A document being available online does not automatically mean Arkive can redistribute it.

When a source cannot be redistributed, Arkive may still track metadata, references, acquisition notes, or external links when appropriate, but unknown-license documents must not be bundled into redistributable releases.

AI and RAG direction

Arkive is expected to support retrieval-augmented generation in the future.

The intended AI role is:

  • retrieve relevant source passages;
  • summarize source-backed information;
  • provide citations;
  • translate when useful;
  • explain material in simpler language;
  • refuse or qualify answers when no reliable source is available.

The assistant should follow a no-source-no-answer principle for factual and safety-critical claims.

Monorepo-first structure

Arkive starts as a structured monorepo.

The repository is organized with clean top-level boundaries so parts of the project can be split later if needed. Early development prioritizes stable policies, metadata contracts, source handling, pipeline design, runtime boundaries, and documentation over premature repository splitting.

Current top-level areas may include:

  • meta/ — policies, metadata definitions, and source governance;
  • data/ — curated source records, manifests, and future dataset organization;
  • pipeline/ — future ingestion, extraction, validation, and indexing tools;
  • runtime/ — future offline search and AI-assisted runtime components;
  • deploy/ — future packaging and deployment support;
  • packages/ — future shared packages or reusable components;
  • docs/ — architecture, roadmap, usage, and design documentation;
  • governance/ — decision records and project governance notes;
  • tests/ — future validation and test coverage.

Current status

Arkive is in its earliest foundation stage.

The current work focuses on defining the project identity, contribution workflow, architectural direction, source acceptance policy, license policy, and AI answer policy.

No production archive, ingestion pipeline, search runtime, or AI assistant should be assumed to exist yet.

Implementation direction

Arkive is expected to start as a Python-first project for ingestion, processing, validation, indexing, and runtime prototyping because of Pythons strong document-processing, data, machine-learning, and retrieval-augmented generation ecosystem.

The project should avoid unnecessary language lock-in.
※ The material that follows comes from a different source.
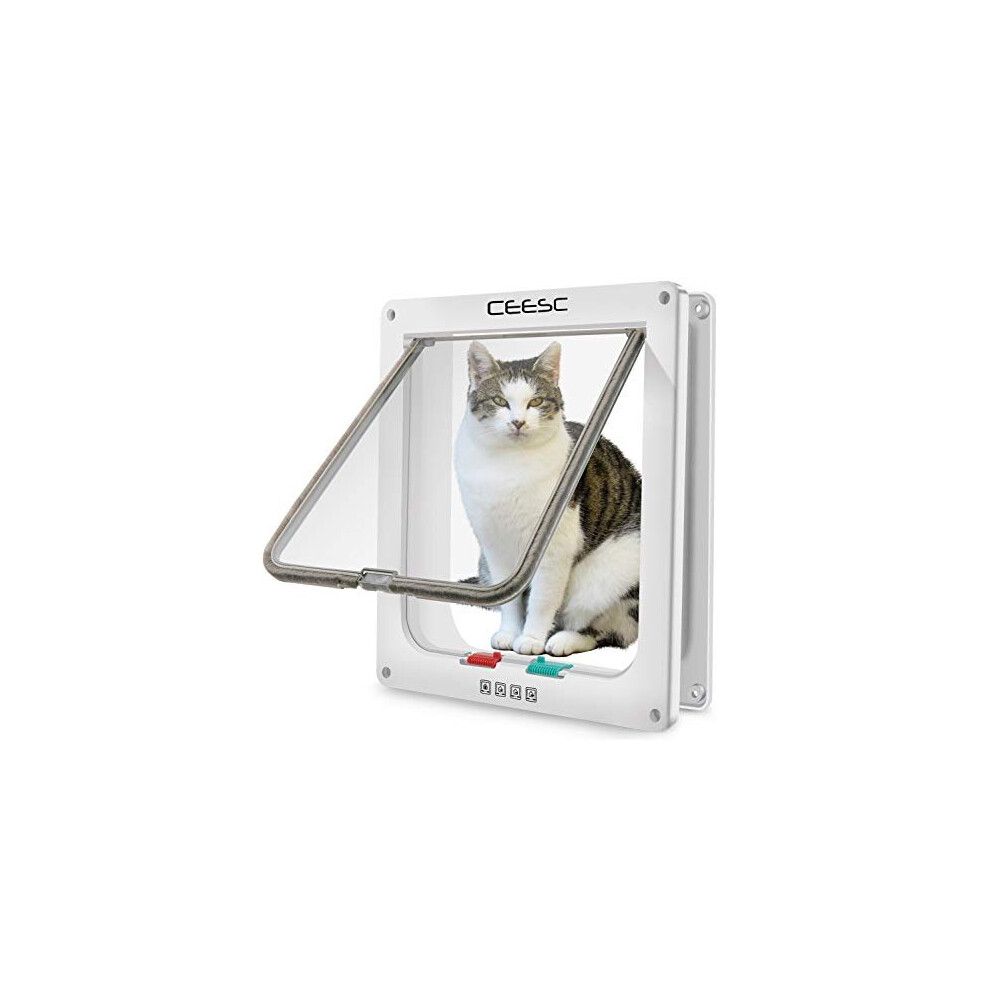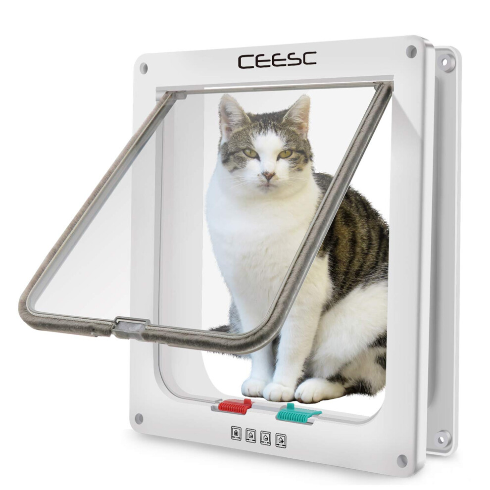 CEESC Large Cat Flap (Outer Size 11" x 9.8"), 4 Way Locking Large Cat Flap Door for Interior Exterior Doors, Weatherproof Pet Door for Cats & Doggie

Stable data contracts, documented boundaries, and transparent source handling are more important than tying every future component to one programming language.

Performance-sensitive or deployment-focused components may later be implemented in Rust or another compiled language if a real need appears.

License

The project license and content licensing model will be defined as the project foundation matures.

Code, metadata, documentation, and source documents may require different license handling. Source document licenses must be tracked separately from the Arkive project code license.